▶ _Your task_
Every line from the start of the entries up to and including the one bearing "24 мая 2023" must be printed verbatim, without the pictures.

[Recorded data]
-------

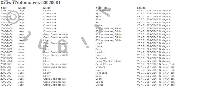 Commander, Grand Cherokee (WJ), Grand Cherokee (WK), Liberty, Jeep, 2009, 2008, 2007, 2006, 2005, 2004, 2003, 2002, 2001, 2000, 1999 more…
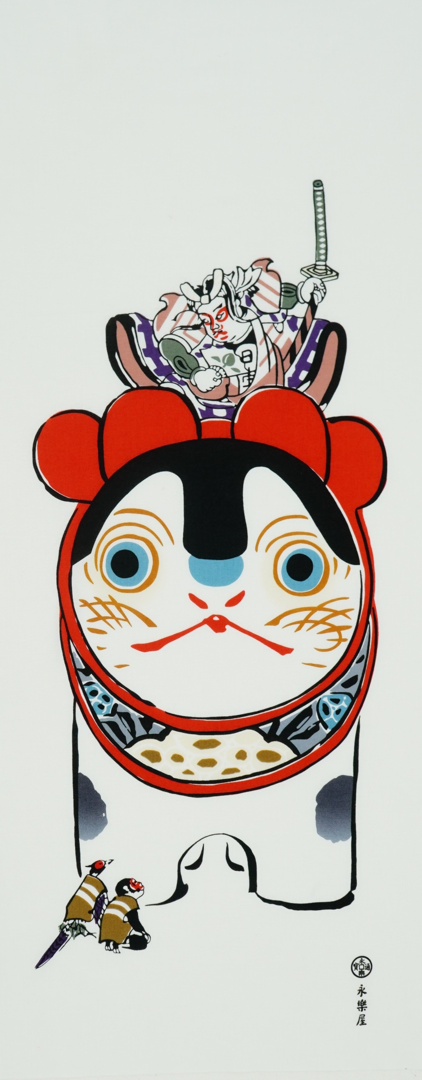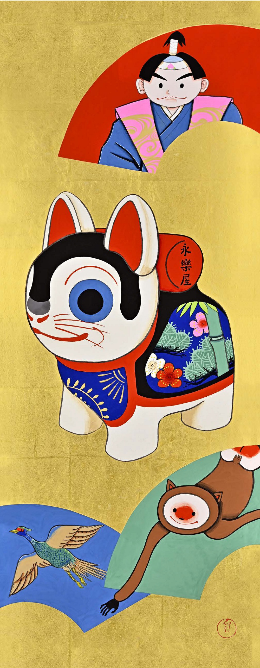 その中でも昭和7年(1932)に発表された『私は昔「桃太郎」と云われてました』は、とりわけ人気を集めた作品です。一見すると猫のようにも見えますが、実はモチーフは「犬」。足元には猿と雉、背には歌舞伎の隈取りを施した桃太郎を乗せた犬が大きく描かれています。縁起の良さとユーモアを併せ持つこのデザインは、時代を超えて多くの人々に親しまれてきました。
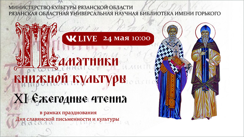 24 мая 2023 года в Малом конференц-зале Рязанской областной универсальной научной библиотеки имени Горького состоялись XI Ежегодные чтения «Памятники книжной культуры». Они приурочены к празднованию Дня славянской письменности и культуры, дню памяти святых Кирилла и Мефодия и посвящены знаменательным датам в истории книгопечатания. Их цель – привлечь внимания к вопросам сохранения и изучения мирового культурного наследия и национальных ценностей, обсудить результаты научно-исследовательской работы, обменяться опытом и расширить сотрудничества между учреждениями культуры, образования и науки.
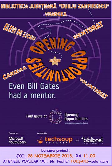 Biblioteca Judeţeană „Duiliu Zamfirescu” Vrancea împreună cu Biblionet şi TechSoup România, cu sprijinul Microsoft România, demarează un program de orientare profesională pentru elevii de liceu din Focşani. „Opening Opportunities” este un program de orientare educaţională şi de carieră în care voluntari Microsoft România sprijină elevii de liceu să exploreze opţiuni profesionale şi să îşi dezvolte propriul plan de carieră, în perioada noiembrie 2013 – iunie 2014. „Împreună ne propunem să ajutăm tinerii să facă alegeri educaţionale şi profesionale conştiente şi informate, prin acces direct la exemplul nemijlocit al celor care au făcut deja aceste alegeri şi profesează în acest moment. Programul îmbină evenimente locale organizate în biblioteci publice cu sesiuni de mentorat online şi seminarii online publice – totul cu scopul de a oferi elevilor de liceu informaţii actuale despre piaţa muncii şi care sunt abilităţile şi cunoştinţele necesare în acest mediu dinamic. Bibliotecile incluse în proiect vor organiza întâlniri de studiu ale elevilor incluşi în proiect dar şi alte întâlniri cu profesionişti din companii locale de tehnologie”, transmit organizatorii. Lansarea proiectului va avea loc joi, 28 noiembrie, la sala mare a Ateneului Popular ”Mr. Gh. Pastia” Focşani, începând cu ora 11.00, unde sunt aşteptaţi toţi elevii de liceu care sunt interesaţi de a-şi dezvolta un plan de carieră şi care doresc sprijinul unui mentor. Vor fi alături de tinerii focşăneni voluntari de la Microsoft România, TechSoup şi reprezentanţi ai programului Biblionet. Detalii despre eveniment vor fi disponibile în curând pe www.openingopportunities.ro sau www.facebook.com/OpeningOpportunities.
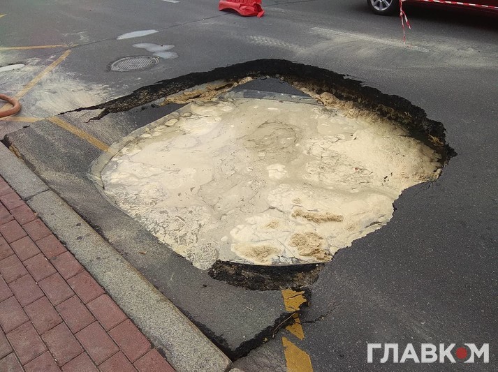 На дорозі біля готелю «Салют» утворилося велике провалля
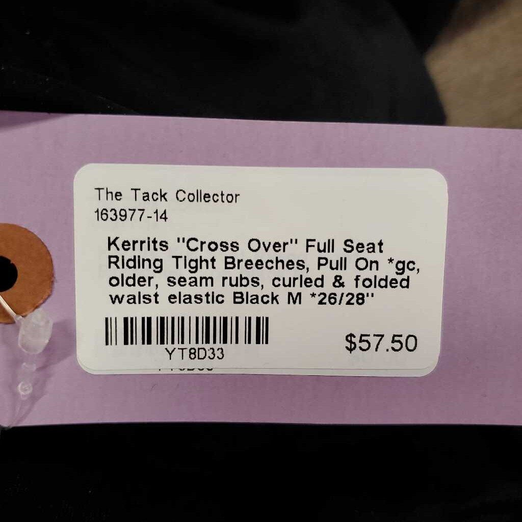 "Cross Over" Full Seat Riding Tight Breeches, Pull On *gc, older, seam rubs, curled & folded waist elastic

-------

▶ _Expected output_
 Commander, Grand Cherokee (WJ), Grand Cherokee (WK), Liberty, Jeep, 2009, 2008, 2007, 2006, 2005, 2004, 2003, 2002, 2001, 2000, 1999 more…
 その中でも昭和7年(1932)に発表された『私は昔「桃太郎」と云われてました』は、とりわけ人気を集めた作品です。一見すると猫のようにも見えますが、実はモチーフは「犬」。足元には猿と雉、背には歌舞伎の隈取りを施した桃太郎を乗せた犬が大きく描かれています。縁起の良さとユーモアを併せ持つこのデザインは、時代を超えて多くの人々に親しまれてきました。
 24 мая 2023 года в Малом конференц-зале Рязанской областной универсальной научной библиотеки имени Горького состоялись XI Ежегодные чтения «Памятники книжной культуры». Они приурочены к празднованию Дня славянской письменности и культуры, дню памяти святых Кирилла и Мефодия и посвящены знаменательным датам в истории книгопечатания. Их цель – привлечь внимания к вопросам сохранения и изучения мирового культурного наследия и национальных ценностей, обсудить результаты научно-исследовательской работы, обменяться опытом и расширить сотрудничества между учреждениями культуры, образования и науки.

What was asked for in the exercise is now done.